Carpenter gave from the soul, said Tommy Polley, who played football and basketball at Dunbar when Carpenter was at Woodlawn. Polley, another former NFL player, once spent the holidays helping Carpenter pass out toys and bicycles to wide-eyed youngsters in city neighborhoods.
"You felt his passion and concern when he talked to kids," Polley said. "Keion was one of our own, a man we could touch ... a role model in every sense of the word. Nobody can replace all that he meant to Baltimore."
Baltimore Mayor Catherine Pugh issued a statement on Carpenter's death:
"His talent on the turf gained him national notoriety as an accomplished athlete, and at home, he won our hearts as a beloved community champion with an uncompromising will to reclaim neglected neighborhoods and improve the lives of the underprivileged. There is a piece of Keion that lives in us all, and though he will be sorely missed, his legacy is everlasting through the good deeds and people he impacted throughout his life."
A 1995 graduate of Woodlawn, Carpenter starred in two sports, football and basketball. In football he made The Sun's All-Metro first team at defensive back. Blessed with 4.4-second speed in the 40-yard dash, he made seven interceptions his senior year; as the Warriors quarterback, he passed for 16 touchdowns and ran for six more.
"We just couldn't compete with his speed," Patapsco coach Al Bennetta said of Carpenter after a loss to Woodlawn. "I backed my cornerback up five yards a couple of times, but he said he never even saw No. 7 [Carpenter] go by."
A star guard in basketball, he led the Warriors to a 20-2 mark as a junior and once scored 14 points within four minutes in a victory over Franklin. But Carpenter, who once described himself as a high school "hardhead" with a "terrible attitude" toward academics, had his share of run-ins with coaches and staff.
"Keion was a fighter, an underdog, but he never let that discourage him," said Brian Scriven, his football coach at Woodlawn and a former principal there. "He gave coaches headaches while trying to find himself, but he did a whole lot more right than wrong, which opened doors for him. The light bulb came on when he got to Virginia Tech and he realized that you don't always get second chances in life."
At Virginia Tech, Carpenter played safety, a mercurial 5-foot-11, 205-pound pillar. In a 21-7 win over Miami, he returned an interception 100 yards for a touchdown and a school record. His college coach, Frank Beamer, remembered him as "one of the rocks around which we built our program ... in the 1990s."
An undrafted free agent in 1999, Carpenter signed with the Buffalo Bills and played three years there before being traded to Atlanta. In 2003, he intercepted two Brett Favre passes in the Falcons' 27-7 upset of the Green Bay Packers in a wild-card playoff game. A starter most of his career, Carpenter retired in 2006 with 14 career interceptions, a bad back and further aspirations.
Although he lived in Buford, Ga., he was always in Baltimore. His first stop after retiring: his alma mater, Woodlawn, where he walked the halls, mentored students and helped coach football.

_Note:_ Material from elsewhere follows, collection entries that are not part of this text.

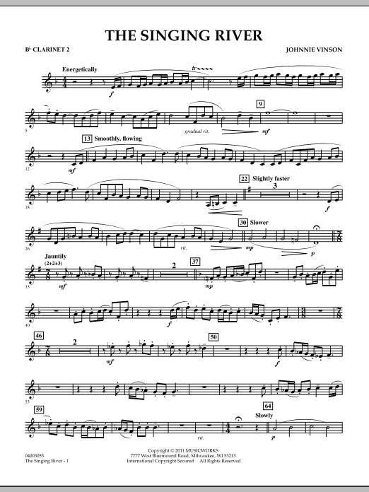 In the Shoals region of northwest Alabama, the Tennessee River is often referred to as the singing river, a term originating with the Yuchi tribe of Native Americans. Commissioned by the Shoals Area Band Directors Association, Johnnie Vinson has created an effective work for band that focuses on the river's relationship to life in this area both past and present. A primary river theme is stated from which a series of variants creates a fascinating and appealing musical tapestry. Dur: 5:40.
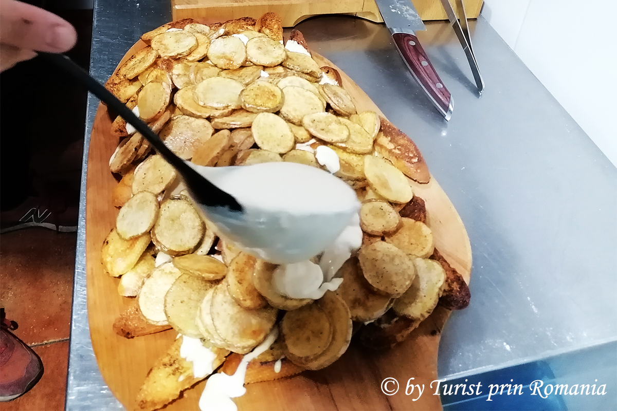 Se așează pe un platou mare pâinea coaptă într-un strat, apoi se pun cartofii prăjiți tăiați rondele, se pune un strat de mușchiuleț feliat și se toarnă deasupra un strat de sos de brânză. Se mai pune un strat de scrijele de cartofi și unul de mușchiuleț feliat, apoi se pune restul de sos de brânză și se ornează cu verdeață din belșug. Platoul este gata pentru a fi servit!
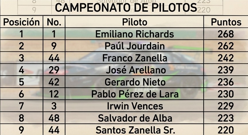 Emiliano Richards (MG), Paúl Jourdain (Power Duck) y Franco Zanella (Z Motors) llegan encabezando las posiciones de la GTM Pro 1 en la Súper Copa Roshfrans, con miras a la fecha en el Autódromo de León, Guanajuato. La competencia se mantiene reñida, con solo 26 puntos de diferencia entre el líder y el tercero.
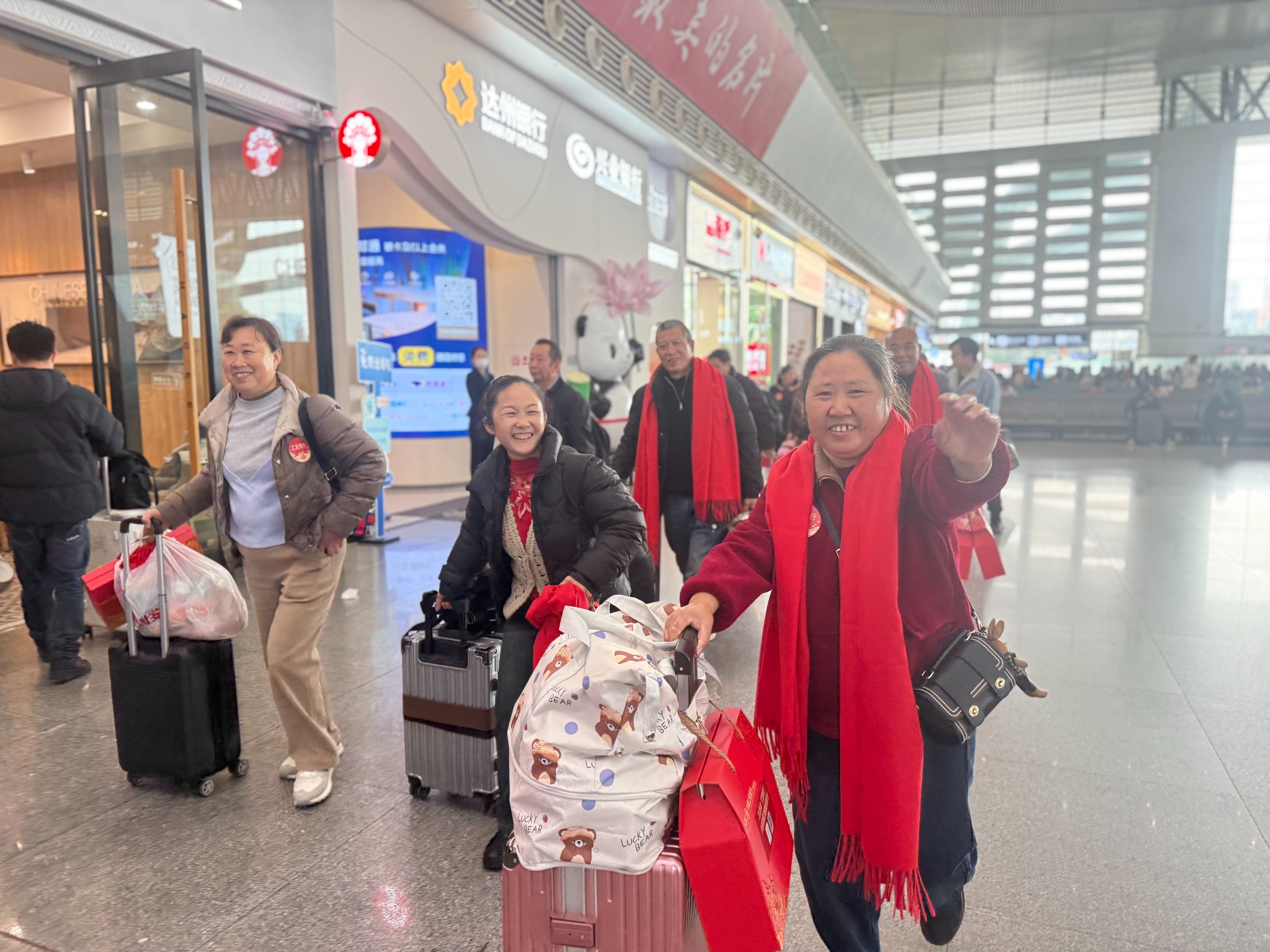 在成都东站送站仪式现场,气氛热烈而温馨。出席活动的领导向农民工代表赠送了精心准备的返岗伴手礼,传递党和政府的关心关爱。农民工朋友们手提礼包,笑容洋溢,对此次暖心服务赞不绝口。“感谢政府为我们安排免费专列,还送来大礼包,心里特别温暖!”来自成都市金堂县土桥镇金壶村、在广州华仁空调厂务工的李方琼激动地说道。
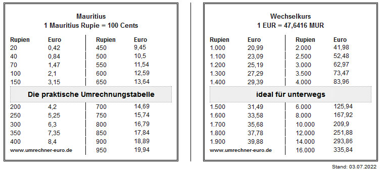 Im Shop muss ich sehr schnell erkennen, dass ich mich mit dem Umrechnungskurs anfreunden muss. Man kann zwar alles mit einer Kreditkarte bezahlen und braucht eigentlich gar kein Bargeld, aber es ist ganz nützlich, den Gegenwert in Euro zu wissen. Da wir aber in den nächsten Tagen auch einige Ausflüge machen wollen und auch etwas Trinkgeld für die Zimmermädchen oder Kellner haben wollen, wechsle ich an der Rezeption 100 Euro und bekomme dafür 3950 Rupien. Das ist ein miserabler Kurs . Demnach entspricht 1 Euro also 39,50 MUR. Wir merken uns, dass ein Euro etwa 40 Rupien sind, obwohl uns der Fahrer, der uns vom Flughafen hierher ins Hotel gefahren hat, von 45 Rupien als Gegenwert für einen Euro gesprochen hat. Er hat uns aber auch bestätigt, dass in Mauritius genau so gern amerikanische Dollars als Trinkgelder angenommen werden. Das tröstet uns, denn wir haben von zu Hause genügend viele 1-Dollar-Scheine mitgenommen, die wir immer üblicherweise als Trinkgeld weltweit verwenden. Dann haben wir immer noch eine Reserve, wenn uns die Rupies ausgehen.Als wir zum Strand gehen, tröpfelt es und während des Tages regnet es immer wieder. Wir sind froh, dass wir einen großen Schirm im Zimmer haben, unter dem wir trocken ins Restaurant kommen. Am Abend git es ein Mauritius-Themenbüffet mit vielen Spezialitäten, an die wir uns erst gewöhnen müssen, denn manche sind sehr scharf.
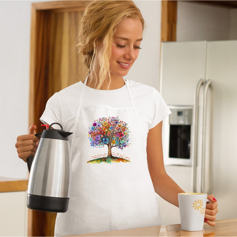 Tento barevný stromový vzor zástěry je ideální dárek pro vaši milovanou osobu. Skvěle se hodí do každé kuchyně nebo zahrady a dodá jim živý a hravý vzhled. Užijte si vaření nebo zahradničení s touto stylovou zástěrou!
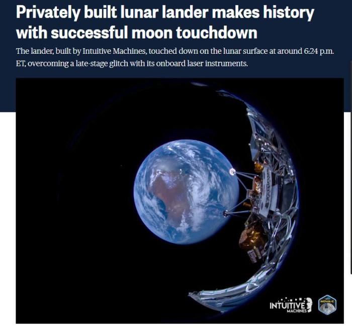 據(jù)報(bào)道,由“直覺機(jī)器” 研發(fā)的著陸器于美東時(shí)間下午6點(diǎn)23分左右降落在月球表面。該著陸器是自1972年“阿波羅17號”任務(wù)以來第一艘登上月球的美國航天器。
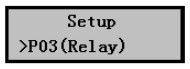 1) 在儀表正常工作時按擊Mode鍵進(jìn)入?yún)?shù)設(shè)置菜單后按擊▼鍵選擇到P03(Relay)繼電器設(shè)置菜單,如右圖所示。
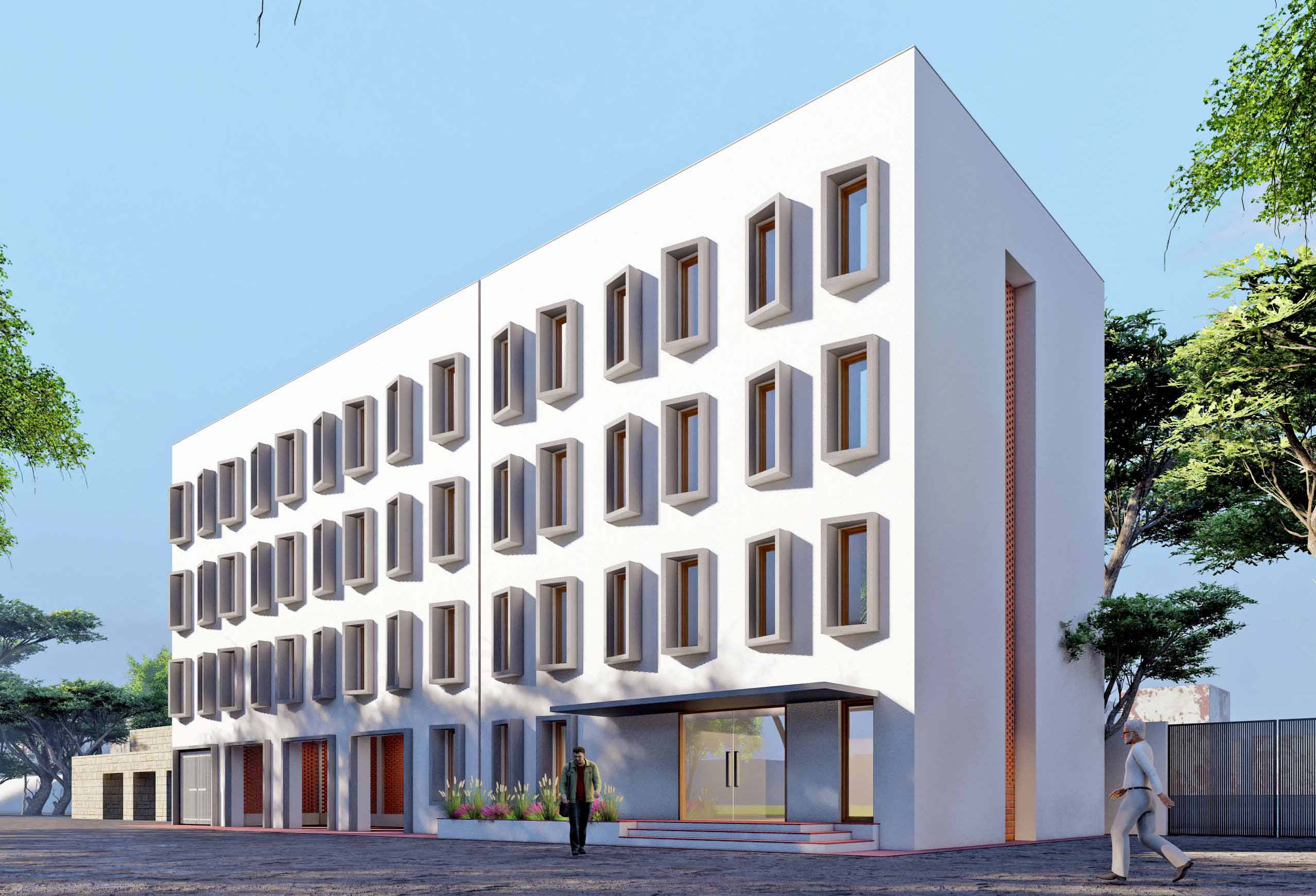Located near Lahori Gate in New Delhi, this project reinterprets the barrack typology for the Railway Protection Force through a language of strength, order, and simplicity.

"I want my presence, being here, to be an inspiration to them," he told The Sun. "Hopefully, they can look at me and say, 'Wow, this guy, he went to school here — he made it. He went on to college, went on to the pros, and now he's giving back.'"
It's the mantra that shaped the last years of his life.
"Are we going to save everybody? No. But all we need is one. All we need is two. That keeps us going. That keeps us encouraged to keep fighting," Carpenter once said.
Carpenter's legacy is that his work will go on, colleagues said. But that doesn't lessen the pain of his passing.
"I can't make sense of this," Maybin said. "Baltimore is a city where, growing up, you're never too far removed from death. It's almost too common an occurrence here. The saddest thing is that, in spite of how many people we've lost, and the ways that we've lost them, I can still make sense of how it happened. But losing Keion? I can't accept it.
"I'm going to ask God about this one for a long time."
Carpenter is survived by his wife, Tonia Carpenter; four children, ages 7 to 16; and his parents, Teresa and William Harris of Baltimore.